Consider the example shown below of a C function (left) that checks whether a character ch
is in lowercase or not. The equivalent version in MIPS is shown on the right. In accordance with the MIPS calling convention, function islower
assumes that the ch
argument is passed in register $a0
. The result of the function is returned in register $v0
.
int islower(char ch) {
if (ch>='a' && ch<='z')
return 1;
else
return 0;
}
islower:
blt $a0, 'a', sinon # branch if $a0 < 'a'
bgt $a0, 'z', sinon # branch if $a0 > 'z'
li $v0, 1 # $v0 = 1
jr $ra # return to caller
sinon:
li $v0, 0 # $v0 = 0
jr $ra # return to caller
To call islower
in MIPS, the caller must first copy the ch
character into the $a0
register, then execute the “function call” with the jal
instruction:
move $a0, ... # copy of character ch into register $a0
jal islower # calling the islower function
. . . # next instruction (returns here after executing islower)
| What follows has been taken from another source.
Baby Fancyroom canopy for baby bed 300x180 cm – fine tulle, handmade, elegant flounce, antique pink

In fact, the MIPS ISA provides a second instruction for calling functions: the jalr
instruction (i.e jump-and-link-register). Indeed, unlike the jal
instruction where the jump address is coded in the instruction itself via a label, the jalr
instruction allows one to call functions whose addresses are stored in registers.
The Stack Segment
When loaded into memory by the operating system, each program has three segments: There is the code segment which contains the machine code instructions, the data segment which includes the program data and constants, and the stack segment which provides a space that can be used by functions. The programmer has no control over the location of these segments in memory.
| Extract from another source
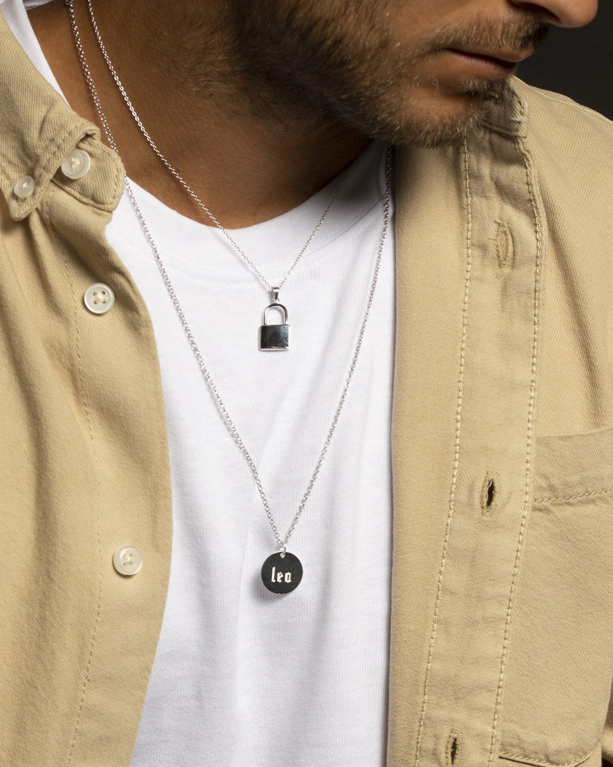Este collar masculino de plata de ley 925 combina un colgante redondo de 17 mm con una cadena ajustable (40 cm + 10 cm de extensión), ofreciendo versatilidad y la posibilidad de grabarlo con nombres, fechas o símbolos especiales. Ideal para hombres que buscan joyería con significado.

The stack segment can be used by functions to
- transmit numerous parameters,
- allocate local variables, and
- preserve the content of registers between function calls. Without this segment, it would be “mission impossible” to write nested and/or recursive functions.
In MIPS, when a program is loaded into memory, the operating system initialises the stack-pointer register $sp
(i.e. register $29
) with the address of the stack segement. In fact, the address in $sp
points to the top of the stack. For example, in the MARS simultor, the (initial) value of the stack-pointer $sp
is set to 0x7fffeffc
.
A function can reserve space on the stack to save registers and/or to allocate local variables. This space is called a stackframe To allocate a stackframe of n
bytes, the stack pointer is decremented by n
:
addiu $sp, $sp, -n # allocate n bytes on the stack (note: n is a constant)
To free a stackframe of n bytes, one increments the stack pointer by n
:
addiu $sp, $sp, n # free n bytes from the stack (note: n is a constant)
The figure below illustrates the state of the stack segment before the call, during execution, and after returning from a function call. Initially, the stack register $sp
points to the top of the caller function’s stackframe. Once the call is made, register $sp
is decremented to make space on the top of the stack segment to store the stackframe of the callee function. Finally, when the callee function returns, register $sp
is incremented so that it points again to the stackframe of the caller function, thus freeing the memory allocated on the stack. Note that, the stack segment increases (resp. decreaases) toward lower (resp. higher) memory addresses.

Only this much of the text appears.